Comments provided in question 8 – WEIM and EDAM entities need flexibility with DR registration.

 

  1. BPM and Documentation clarifications:

 

Further, the WEIM/EDAM Participants request the CAISO revise the current BPMs to clearly delineate and explicitly identify the requirements applicable to WEIM/EDAM Participants, as distinct from those applicable solely to CAISO BA entities. As currently structured, the BPMs intermingle CAISO BA-specific obligations with requirements applicable to WEIM/EDAM Participants, without annotation, differentiation, or cross-reference to indicate which provisions govern which class of participant. This lack of structural clarity creates unnecessary compliance risk and administrative burden for WEIM/EDAM Participants, who must independently parse documentation not designed with their participation model in mind. CAISO should adopt consistent conventions to delineate between CAISO BA and WEIM/EDAM Entities, such as participant-class-specific headings, applicability statements at the section level, or dedicated annexes, to ensure that all participants can readily identify the full scope of their obligations without ambiguity.

While we recognize and appreciate the proposals put forward, it is our collective view that the current proposal does not adequately resolve the primary barriers to WEIM and EDAM entity participation in DR programs.

 

Concerns with the Load Forecast Adjustment (LFA) Model

In the absence of a framework that treats DR resources similarly to generators, our best option is the LFA model (where adjustments are submitted to ALFS and incorporated in the forecast).

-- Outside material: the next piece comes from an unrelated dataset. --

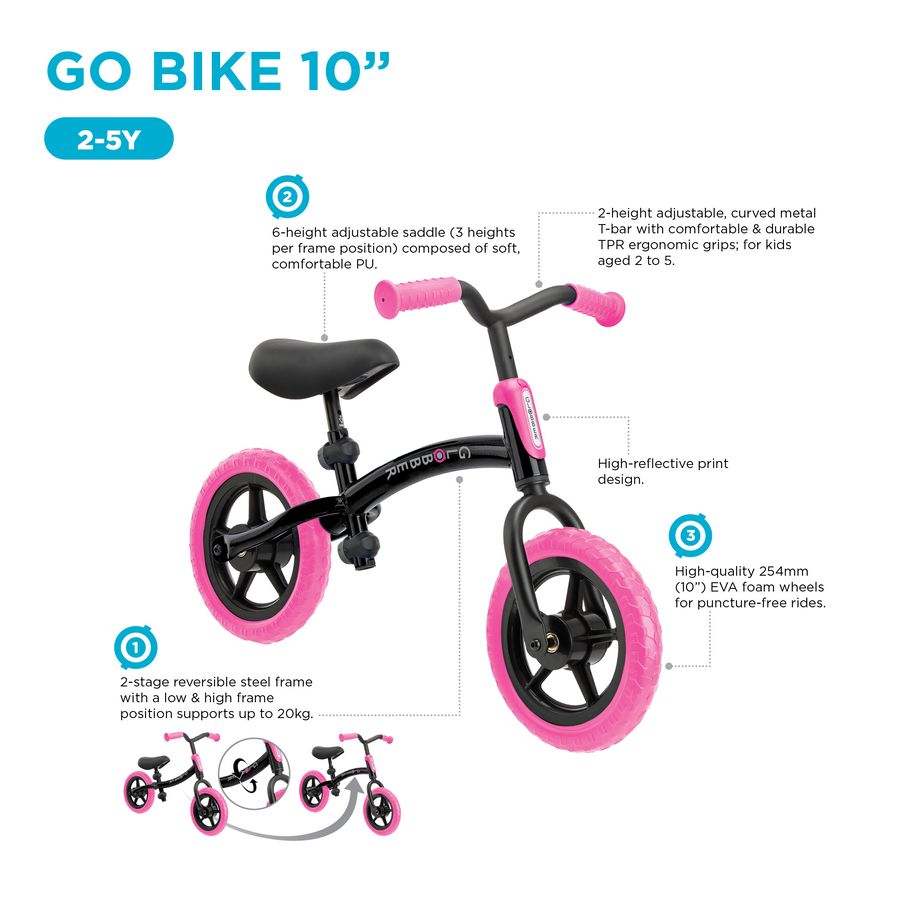 Have a blast and develop your little one's balance skills as they gradually ease into playtime on wheels! Go Bike balance bike for toddlers aged 2 to 5 years old is an innovative balance bike with a reversible balance bike frame for longevity, an 6-height adjustable saddle, 2-height adjustable, curved handlebars and high-quality 10" EVA foam wheels for maximum comfort!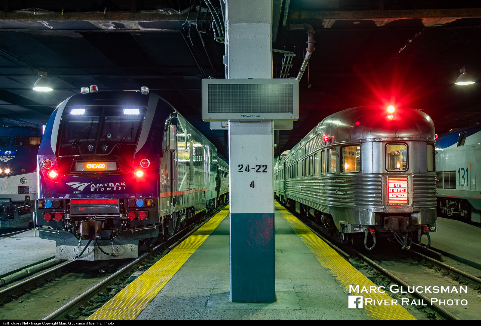 Webb Rail's former Northern Pacific Railway Budd built Pullman dome/sleeper 313 (WEBX 801044) and former New York Central Railroad Budd built Pullman obs/diner/sleeper "Babbling Brook" (WEBX 800007) sit on the platform at Chicago Union Station. Amtrak (IDTX) 4608 (Siemens, SC-44) awaits its next departure.

While the LFA model has seen notable improvements, it continues to present significant challenges, including:

  • Limited data availability for LFA events, including:
    • No settlements data
    • No records of schedule changes or associated impacts
  • Current tools and processes do not currently handle this sort of data
    • Any data proposed under the current framework would be delivered through new methods requiring additional programming and processing
  • The proposed LFA API to ALFS does not return event data to the BA, leaving EDAM entities reliant on data provided by Scheduling Coordinators (SCs)
  • EDAM systems would need to process LFA details separately, using internal calculations to properly allocate LFA adjustments to LSEs within the BA who own those programs

Until the critical and high-priority barriers to participation are resolved, the LFA model remains the most viable option for WEIM and EDAM entities. However, the current proposal to submit LFA data to ALFS without accompanying data retrieval capabilities introduces additional challenges and risks. We must be able to accurately reflect DR events and credit the appropriate BA — the current proposal does not provide BAs with the level of data necessary to perform this function.

At minimum, BAs must have the ability to retrieve the following for each event:

  • The original, unadjusted load forecast for the applicable hour
  • The adjusted load forecast
  • The amount of the adjustment
  • The LSE for which the adjustment was made

Without this data from CAISO, EDAM BAs will be dependent on information provided directly by LSE merchants to make the necessary adjustments in their EDAM systems — an untenable position for accurate and auditable market participation.

We respectfully request that these issues be assigned high priority and incorporated into the scope of Track 1 of the DDEMI working group.